A review of ‘Pornocracy’ by Jo Bartosh and Robert Jessel

Matt Osborne's avatar
Matt Osborne
Jan 29, 2026
Cross-posted by Inspecting Gender
"My latest review of "Pornocracy". This week's podcast for premium subscribers features both authors."
- Matt Osborne
a laptop computer sitting on top of a desk
Photo by Dhilip Antony on Unsplash

In the final year of her life, the legendary anti-pornography campaigner Andrea Dworkin worried that feminism was losing to ubiquitous pornography. “If we give up now, younger generations of women will be told porn is good for them, and they will believe it,” she told journalist Julie Bindel. Almost a quarter-century had passed since Dworkin declared “the new pornography is a vast graveyard where the Left has gone to die” and joined forces with legal scholar Catharine MacKinnon to enact an Anti-Pornography Ordinance in cities around the country.
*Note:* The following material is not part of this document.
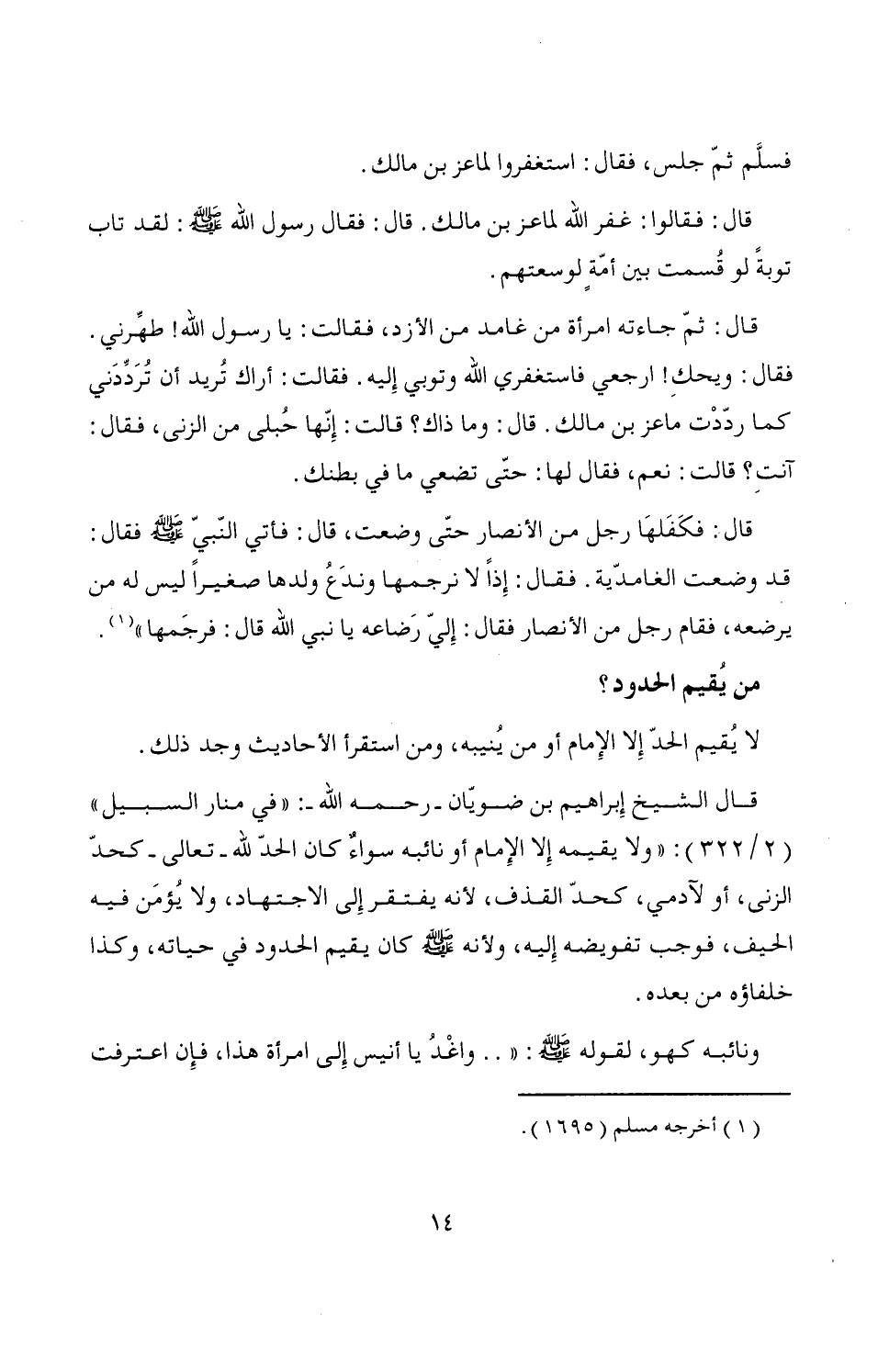 قال: ثمّ جاءته امرأة من غامد من الأزد، فقالت: يا رسول الله! طهِّرني. فقال: ويحكِ! ارجعي فاستغفري الله وتوبي إِليه. فقالت: أراك تُريد أن تُرَدِّدَني كما ردّدْت ماعز بن مالك. قال: وما ذاك؟ قالت: إِنّها حُبلى من الزنى، فقال: آنتِ؟ قالت: نعم، فقال لها: حتّى تضعي ما في بطنك.

The Ordinances were struck down by US courts on First Amendment grounds, which proved to be a decisive defeat for anti-porn feminism. Would such Ordinances be conceivable at all today?” Back in 1981, Dworkin referred to magazines such as Hustler, as well as the then-newly available videotapes depicting graphic sex acts, as “the new pornography.” By 2004, however, pornographers and the internet produced new “new pornography” at dial-up speed. Though Dworkin did not live long enough to see broadband internet and internet-enabled phones become ubiquitous, she did foresee the defeat of feminism at the hands of yet another “new pornography,” or as a new book labels it, “pornocracy.”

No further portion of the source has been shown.